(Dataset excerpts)
※

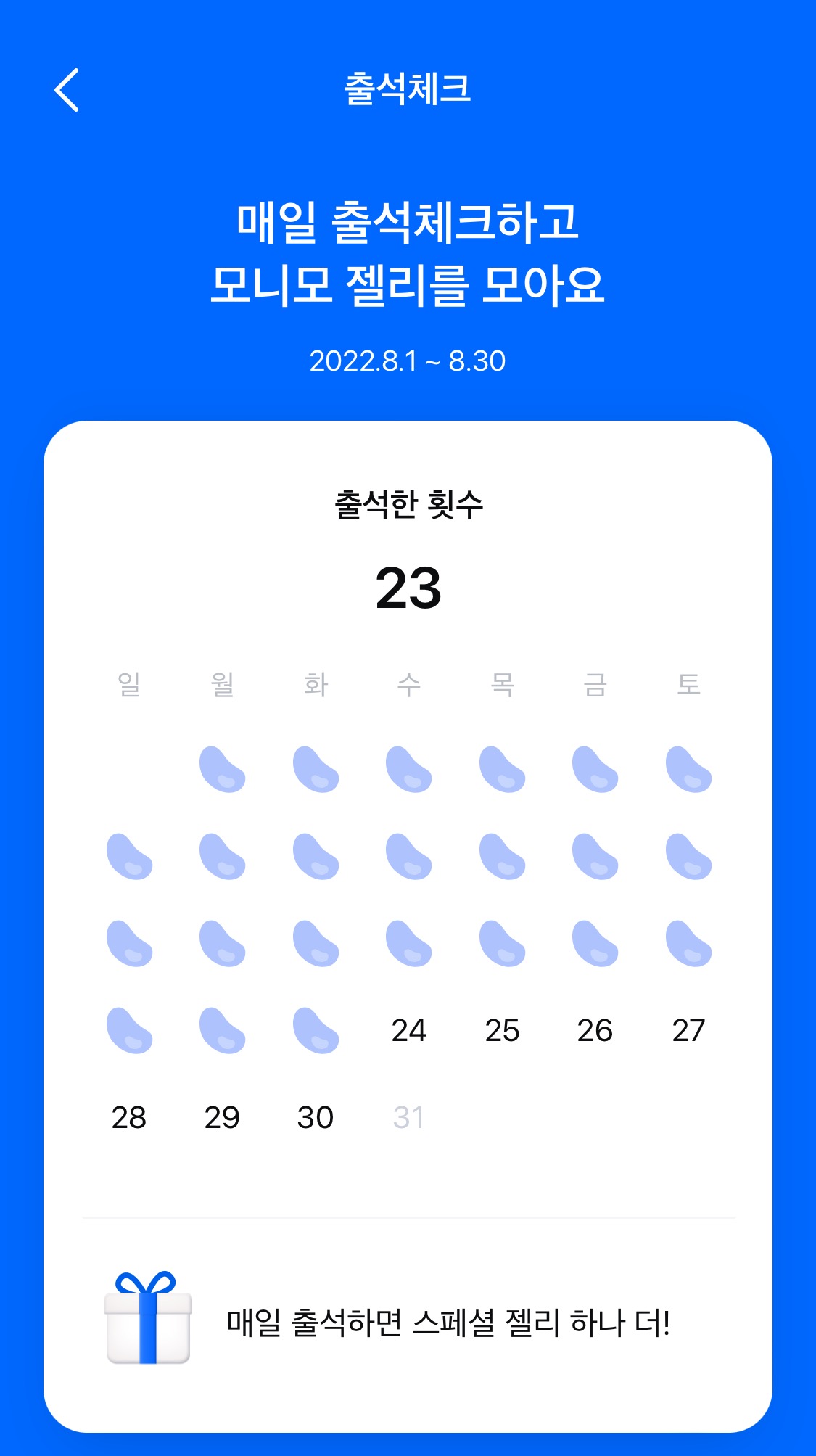 8월의 경우 8.1-30 까지 모두 출석하면 스페셜젤리를 얻을 수 있습니다. 특별히 이 미션의 경우에는 출석보충의 기회를 주기 때문에 크게 며칠동안 까먹지 않는이상 달성할 확률이 높습니다.
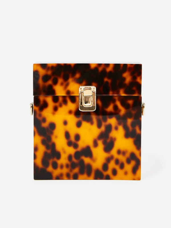 Minaudière rectangulaire en methacrylate à imprimé inspiration écaille de tortue avec chaîne et fermoir dorés d'Uterqüe
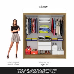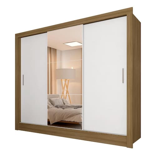O Guarda Roupa Casal 3 Portas de Correr Com 3 Espelhos Aurora oferece uma solução prática para a organização de roupas e pertences, ao mesmo tempo em que contribui para a estética do seu quarto. Maximiza o uso do espaço disponível e fornece uma solução de armazenamento elegante!
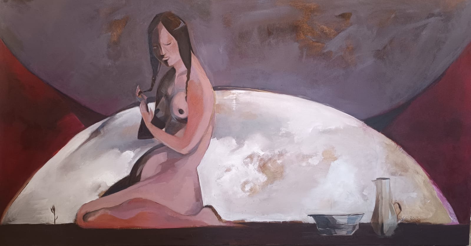 Esugen’s painting and drawing process revolves around life and imagination as a way to fully articulate the different layers of the mind through impulse and intuition. Through technique, she believes painting is a visual form of music, having composed a rhythm through the body from the conscious and subconsciousness.
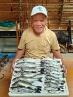 9月14日 立田大橋下手 ・一宮市の飯田櫂士さん。 ・セイゴ25cm頭、4匹。(他にもアタリあり、マハゼの餌取り多い) ・マハゼ14cm頭、18匹。(他にもアタリあり) ・セイゴ:青イソメ、マハゼ:石ゴカイ。 ・午前の釣り。 |
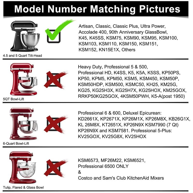 5. Compatible with 4.5 and 5 QT for Tilt-head stand mixers, including K45SS, KSM1, KSM100, KSM110, KSM120, KSM15, KSM16, KSM75, KSM8 and KSM9 models.
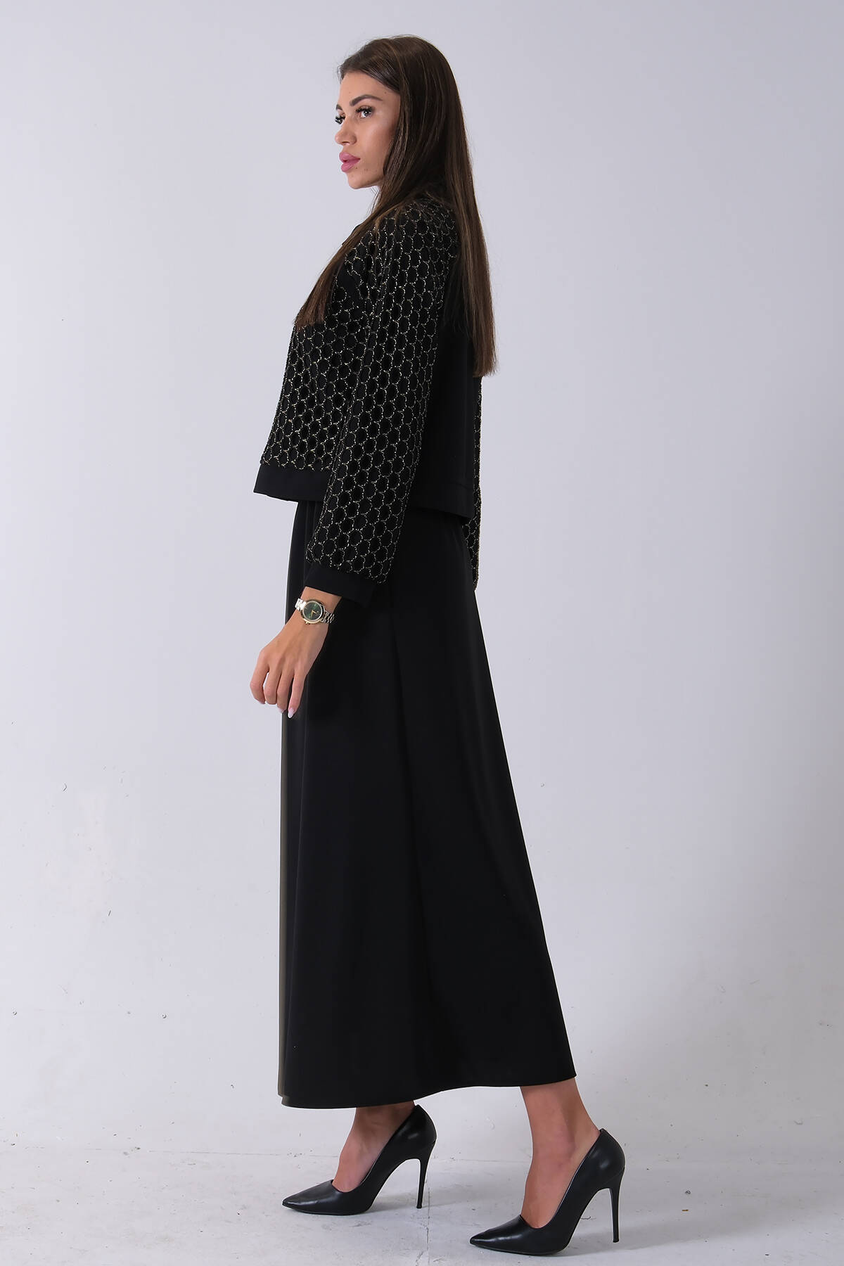 Siyah Tunik Yaka Fermuar Kapamalı File Detaylı Pantolonlu Takım 4577283.01
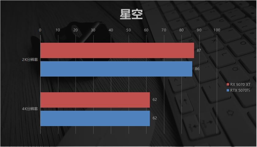 旗鼓相当的基准表现:在《星空》《赛博朋克2077》《龙腾世纪:影障守护者》三款游戏中,瀚铠RX 9070 XT与RTX 5070Ti的表现几乎完全一致,2K与4K分辨率下的帧率差距均在2%以内,肉眼完全无法感知差异,两款显卡都能实现高画质下的流畅运行。
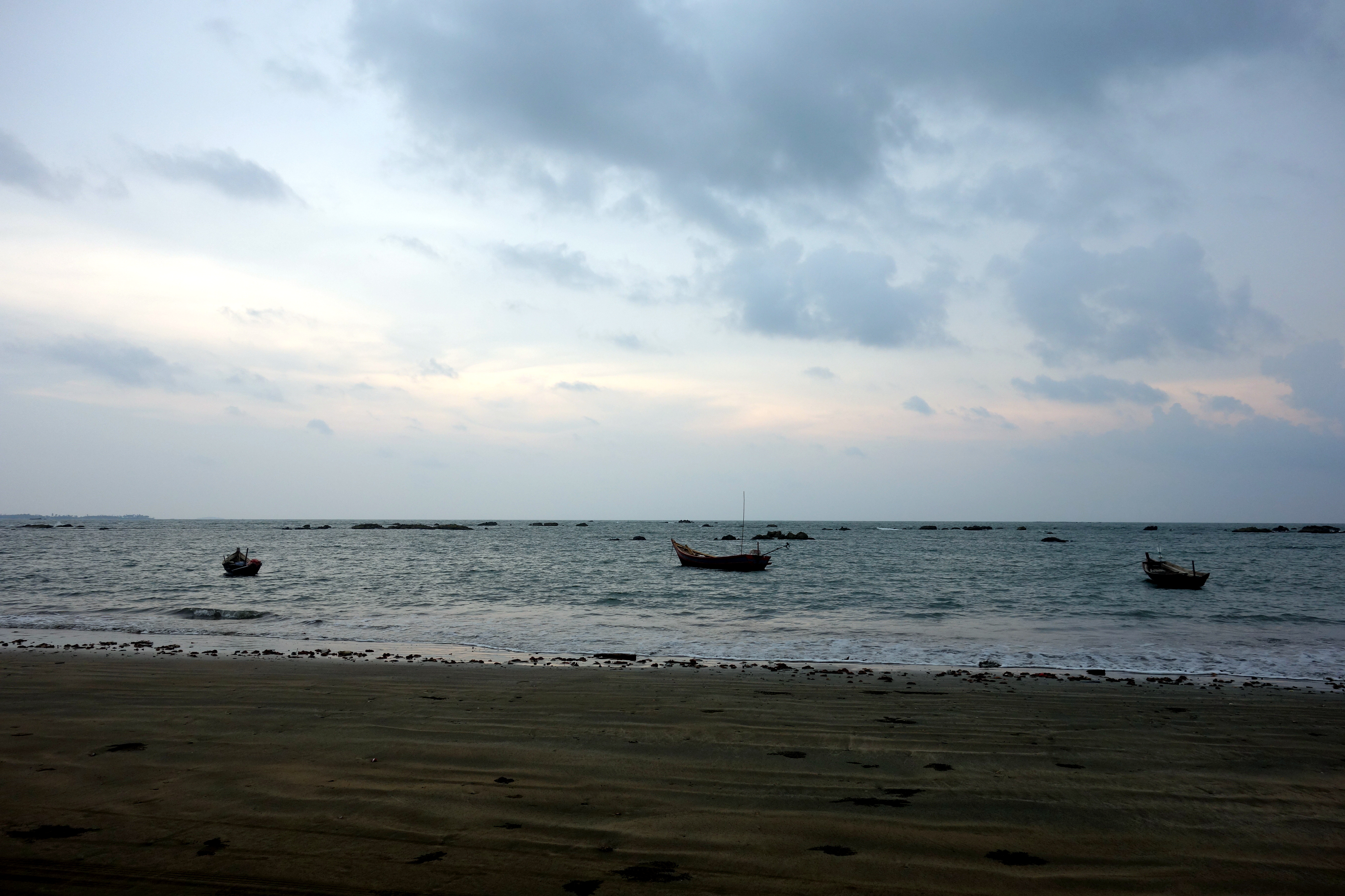 Dernier bateau, on doit attendre… On a eu beaucoup de chance sur les premiers, tout s’est parfaitement enchainé. Là, on attend 30 minutes. Le temps de boire un café, de manger des chips, on traverse le dernier bras de rivière, le plus gros ! On est un peu déçues par Chaungtha beach, on s’attendait à ce que ce soit plus « waou » mais le voyage en valait la peine ! Le ciel s’est couvert, on se baigne rapidement mais les vagues sont grosses et il commence à pleuvoir. On a au moins 1h30 de route si l’on ne se perd pas, on ne peut pas trop trainer.

※

● **Work to complete**: Nothing but the records above, exact and without pictures, should appear in the answer.

● **Response to the task**:
 8월의 경우 8.1-30 까지 모두 출석하면 스페셜젤리를 얻을 수 있습니다. 특별히 이 미션의 경우에는 출석보충의 기회를 주기 때문에 크게 며칠동안 까먹지 않는이상 달성할 확률이 높습니다.
 Minaudière rectangulaire en methacrylate à imprimé inspiration écaille de tortue avec chaîne et fermoir dorés d'Uterqüe
O Guarda Roupa Casal 3 Portas de Correr Com 3 Espelhos Aurora oferece uma solução prática para a organização de roupas e pertences, ao mesmo tempo em que contribui para a estética do seu quarto. Maximiza o uso do espaço disponível e fornece uma solução de armazenamento elegante!
 Esugen’s painting and drawing process revolves around life and imagination as a way to fully articulate the different layers of the mind through impulse and intuition. Through technique, she believes painting is a visual form of music, having composed a rhythm through the body from the conscious and subconsciousness.
 9月14日 立田大橋下手 ・一宮市の飯田櫂士さん。 ・セイゴ25cm頭、4匹。(他にもアタリあり、マハゼの餌取り多い) ・マハゼ14cm頭、18匹。(他にもアタリあり) ・セイゴ:青イソメ、マハゼ:石ゴカイ。 ・午前の釣り。 |
 5. Compatible with 4.5 and 5 QT for Tilt-head stand mixers, including K45SS, KSM1, KSM100, KSM110, KSM120, KSM15, KSM16, KSM75, KSM8 and KSM9 models.
 Siyah Tunik Yaka Fermuar Kapamalı File Detaylı Pantolonlu Takım 4577283.01
 旗鼓相当的基准表现:在《星空》《赛博朋克2077》《龙腾世纪:影障守护者》三款游戏中,瀚铠RX 9070 XT与RTX 5070Ti的表现几乎完全一致,2K与4K分辨率下的帧率差距均在2%以内,肉眼完全无法感知差异,两款显卡都能实现高画质下的流畅运行。
 Dernier bateau, on doit attendre… On a eu beaucoup de chance sur les premiers, tout s’est parfaitement enchainé. Là, on attend 30 minutes. Le temps de boire un café, de manger des chips, on traverse le dernier bras de rivière, le plus gros ! On est un peu déçues par Chaungtha beach, on s’attendait à ce que ce soit plus « waou » mais le voyage en valait la peine ! Le ciel s’est couvert, on se baigne rapidement mais les vagues sont grosses et il commence à pleuvoir. On a au moins 1h30 de route si l’on ne se perd pas, on ne peut pas trop trainer.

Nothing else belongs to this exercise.